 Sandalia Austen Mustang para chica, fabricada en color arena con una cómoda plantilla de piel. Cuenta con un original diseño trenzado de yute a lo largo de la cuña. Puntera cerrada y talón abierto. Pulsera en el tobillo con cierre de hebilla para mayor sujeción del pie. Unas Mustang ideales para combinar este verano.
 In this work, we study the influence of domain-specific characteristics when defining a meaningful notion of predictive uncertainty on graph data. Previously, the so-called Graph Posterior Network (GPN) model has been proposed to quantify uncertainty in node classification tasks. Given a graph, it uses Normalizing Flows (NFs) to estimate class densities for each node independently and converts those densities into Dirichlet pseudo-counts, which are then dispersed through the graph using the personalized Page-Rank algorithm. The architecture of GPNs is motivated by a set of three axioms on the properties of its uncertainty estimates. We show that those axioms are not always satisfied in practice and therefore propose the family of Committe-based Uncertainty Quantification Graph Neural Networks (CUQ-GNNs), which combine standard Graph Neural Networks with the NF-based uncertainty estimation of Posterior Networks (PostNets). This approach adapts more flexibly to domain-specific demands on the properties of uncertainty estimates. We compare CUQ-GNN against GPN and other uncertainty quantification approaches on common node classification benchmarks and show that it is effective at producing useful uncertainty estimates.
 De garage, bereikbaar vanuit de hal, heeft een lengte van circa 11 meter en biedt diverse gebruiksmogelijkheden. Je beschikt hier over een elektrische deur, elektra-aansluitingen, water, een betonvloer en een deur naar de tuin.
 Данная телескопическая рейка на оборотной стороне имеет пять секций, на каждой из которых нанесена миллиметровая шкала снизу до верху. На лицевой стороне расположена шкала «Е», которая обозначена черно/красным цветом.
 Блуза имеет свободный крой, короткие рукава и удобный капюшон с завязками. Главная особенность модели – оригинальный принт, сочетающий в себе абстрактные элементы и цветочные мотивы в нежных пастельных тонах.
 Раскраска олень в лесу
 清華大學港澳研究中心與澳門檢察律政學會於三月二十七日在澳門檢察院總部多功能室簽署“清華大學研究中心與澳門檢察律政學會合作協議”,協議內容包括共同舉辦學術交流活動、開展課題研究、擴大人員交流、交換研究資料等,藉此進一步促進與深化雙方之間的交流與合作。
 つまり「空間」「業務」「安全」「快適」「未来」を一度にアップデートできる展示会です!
══════════════════════════════
▶ [What to produce]:
What are the lines of the data above that include the string "имеет"? Copy them.

▶ [Response to this exercise]:
 Данная телескопическая рейка на оборотной стороне имеет пять секций, на каждой из которых нанесена миллиметровая шкала снизу до верху. На лицевой стороне расположена шкала «Е», которая обозначена черно/красным цветом.
 Блуза имеет свободный крой, короткие рукава и удобный капюшон с завязками. Главная особенность модели – оригинальный принт, сочетающий в себе абстрактные элементы и цветочные мотивы в нежных пастельных тонах.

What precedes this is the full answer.